Information provided
^^^^

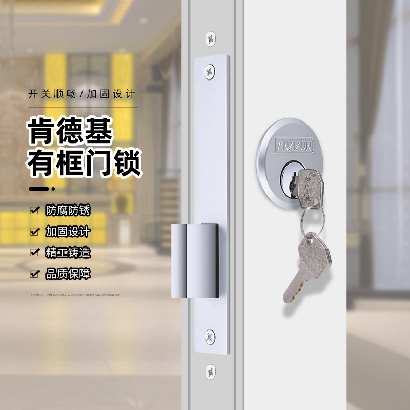 Aluminum alloy door with frame glass door lock aluminum profile lock bridge aluminum McDonald's Kendki push door lock lock
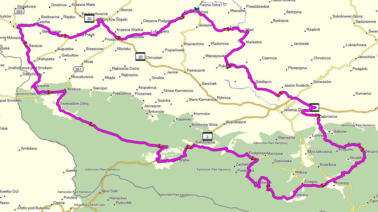 Trasę zaczynamy na Przedgórzu, przecinamy północną część Gór Izerskich tak aby od zachodu wjechać w Karkonosze.
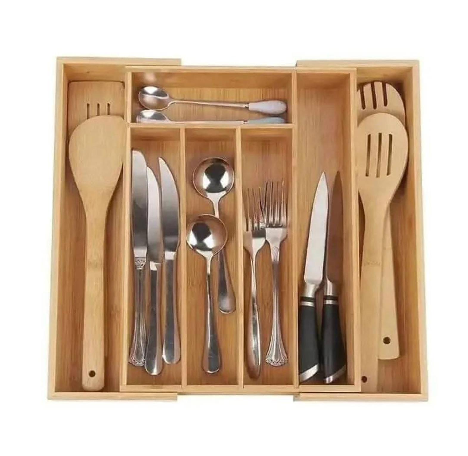Organize your drawers with style and sustainability using this versatile bamboo organizer.
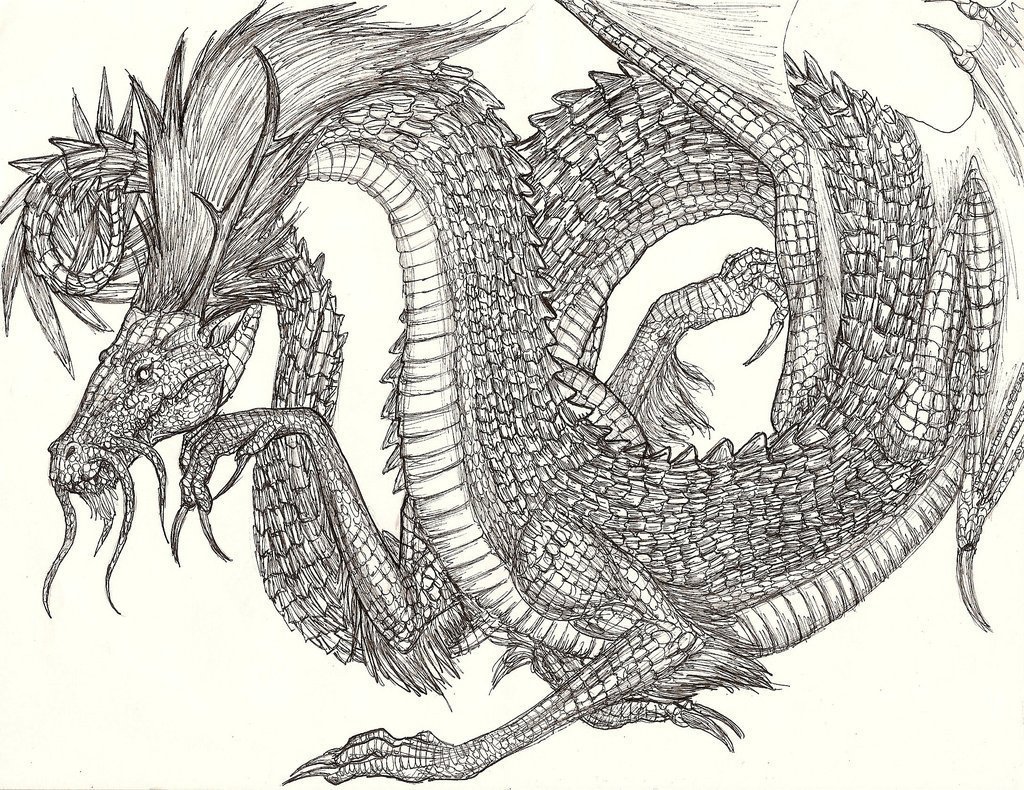 Дракон рисунок черной ручкой

^^^^

Exercise aim
Exactly the lines from the one with "Trasę zaczynamy na" through the end of the listing above are to be repeated, with no pictures.

Task answer
 Trasę zaczynamy na Przedgórzu, przecinamy północną część Gór Izerskich tak aby od zachodu wjechać w Karkonosze.
Organize your drawers with style and sustainability using this versatile bamboo organizer.
 Дракон рисунок черной ручкой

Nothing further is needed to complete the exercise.